By the time the foreclosure papers were served, the Crabills,
per the advice of their attorney, hadn’t opened their checkbook
to CitiFinancial Mortgage Company for nearly one year. Despite
repeated phone calls and letters threatening foreclosure,
they refused to pay one cent of the more than $20,000 of outstanding
balance CFMC reported they still owed on their home-equity
loan, contending that the figures were falsifications, the
product of an unusual series of problems caused, at least
in part, by misleading lending terms and corporate maneuvering.
“You’ve
got this bank with a trillion dollars in assets and then you
have two people who have trouble finding 50 bucks,” says Warren
Redlich, the Crabills’ attorney. “The largest banking group
in the world tried to steal their house. It’s kind of one
of those things where they [CFMC] have 1,000 little machines
walking along, and there’s one guy watching them. One of the
machines kind of bubbles a little, and that guy’s too busy.
He doesn’t notice. It’s like they’ve created this monster
that they can’t even control that eats people like the Crabills.”
By most definitions, the Crabills’ loan with CFMC falls into
a category known as subprime—a type of loan that’s characterized
by higher-than-average interest rates and typically is offered
to applicants who may not otherwise qualify for a standard
loan. According to Redlich, the Crabills’ loan also falls
into a subset of the subprime market known as predatory lending—generally
defined as loans that involve deceptive practices or contain
unfair terms and conditions.
The terms incorporated into the Crabills loan are so complex
that when Georgianne and Bill began seeking legal counsel
to help them resolve the disputed loan balance, several attorneys
turned them away, calling the case too complex or time-consuming
for their office to handle. Another suggested that the Crabills
file for bankruptcy.
“We
said, ‘No, no, no,’ ” Georgianne says. “We don’t do bankruptcies.
We’re honest people. We pay our bills. We don’t try to get
out of things by doing something like that.”
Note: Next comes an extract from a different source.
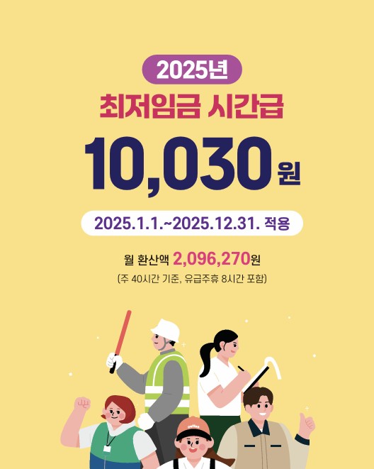 시간급은 10,030원으로 2024년 9,860원 대비 170원이

When the Crabills approached Redlich, he agreed to take the
case, in part because his practice was young and he needed
work. He quickly realized, however, that the complexities
of the loan were above his head as well, and he hired Calvin
Bradford, an expert in issues of housing, insurance and credit,
to make sense of the matter.
“I
don’t recall seeing more complicated or misleading loan conditions
in my 30 years of work in this field,” Bradford writes. His
testimony cites several ways in which the Crabills’ loan violates
federal lending laws or at least engages in what at one point
he calls “legal gymnastics.”
Within the financial industry and as a matter of public opinion,
there is broad-based consensus that predatory lending is a
deceptive and harmful practice that should be curtailed. The
problem is that there’s simply little agreement about where
to draw the line between subprime and predatory, and financial
institutions aren’t about to voluntarily point out which of
their loan agreements fall into the inferior category.
“It’s
more of an interpretation than truth in fact,” says Jonathan
Pinard, president of the Empire State Mortgage Bankers Association.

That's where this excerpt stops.